As a last resort you might try recovering any deleted temporary files created for this document. As soon as possible do the following:
Download Recuva (Windows only) or PhotoRec for Win, MacOS, Linux and other OSes (only one needed) and let it do an in-depth recovery of deleted files on your computer. You may get a file containing some or all of your data (or not). Do this as a first priority; other use of the computer may overwrite any existing but deleted files and prevent their recovery. There is no guarantee that you will recover anything useful.
Re: LibreOffice File format error found at SAXParse
Posted: Fri Jun 16, 2017 6:43 am
by RoryOF
I'm not online to do any editing yet, but I remark that the above quote is at a location 3.4 Mbytes into the file, whereas the cut-off point is at 1.8 mbytes, so the content is present. The trick will be to extract it. Of interest is why the code is cutting at 1.8 mbytes.
Re: LibreOffice File format error found at SAXParse
Posted: Fri Jun 16, 2017 9:32 am
by RoryOF
I've had another look at this: I'm getting nowhere with the tools at my disposal.

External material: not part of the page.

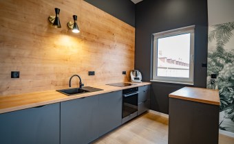 • Przestronny salon z aneksem kuchennym i jadalnią – jasny, z dużymi oknami, stanowiący serce mieszkania; miejsce idealne do wspólnego spędzania czasu i spotkań z bliskimi. Z salonu wyjście na balkon, idealny na relaks po dniu pracy lub poranne kawowe chwile. W pełni wyposażona kuchnia
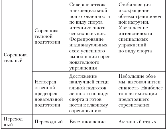 В макроциклах различают такие периоды подготовки, как подготовительный, соревновательный и переходный (табл. 10.1). Работа, выполненная за одно тренировочное занятие, тренировочный день, неделю, месяц, год и олимпийский цикл в целом, измеряется в единицах тренировочной нагрузки.

For others who may wish to try, the error shows up at "uomo di casa" (no quotes). OpenOffice finishes displaying just there, about halfway through the file, although there is as much content again not displayed. XML Copy Editor declares the file to be well formed and Firefox shows the entire XML properly formatted as XML.
Re: LibreOffice File format error found at SAXParse
Posted: Fri Jun 16, 2017 9:48 am
by RoryOF
I have managed to extract the entire text (please check) as plain text, which I have emailed to the OP.
Edit: In answer to an offlist question: using Calibre's Convert books mechanism.
Also, if you reformat the text file - a relatively trivial task (20 minutes?), do please work and Save in .odt format. Save As .docx _only_ when finished. |
Re: LibreOffice File format error found at SAXParse
Posted: Fri Jun 16, 2017 2:16 pm
by FJCC
I recovered the entire text with correct formatting by opening the file in Wordpad. Word 2016 wouldn't open it at all and OpenOffice, as Rory found, brought in about half of the text. Wordpad opened it without any problem. I emailed that text to the OP.
Re: LibreOffice File format error found at SAXParse
Posted: Fri Jun 16, 2017 2:19 pm
by RoryOF
I am puzzled (but not going to loose sleep) over what was wrong internally in the .xml file.
Re: LibreOffice File format error found at SAXParse
Posted: Fri Jun 16, 2017 3:02 pm
by okuribidreams
You guys are truly my heroes. Thank you so much for your help.
It's a good thing WordPad seemed to open it without issues! I feel bad about not trying it first, but I sadly never rely on it. I will from now on.
Thanks again so much for your help, all of you.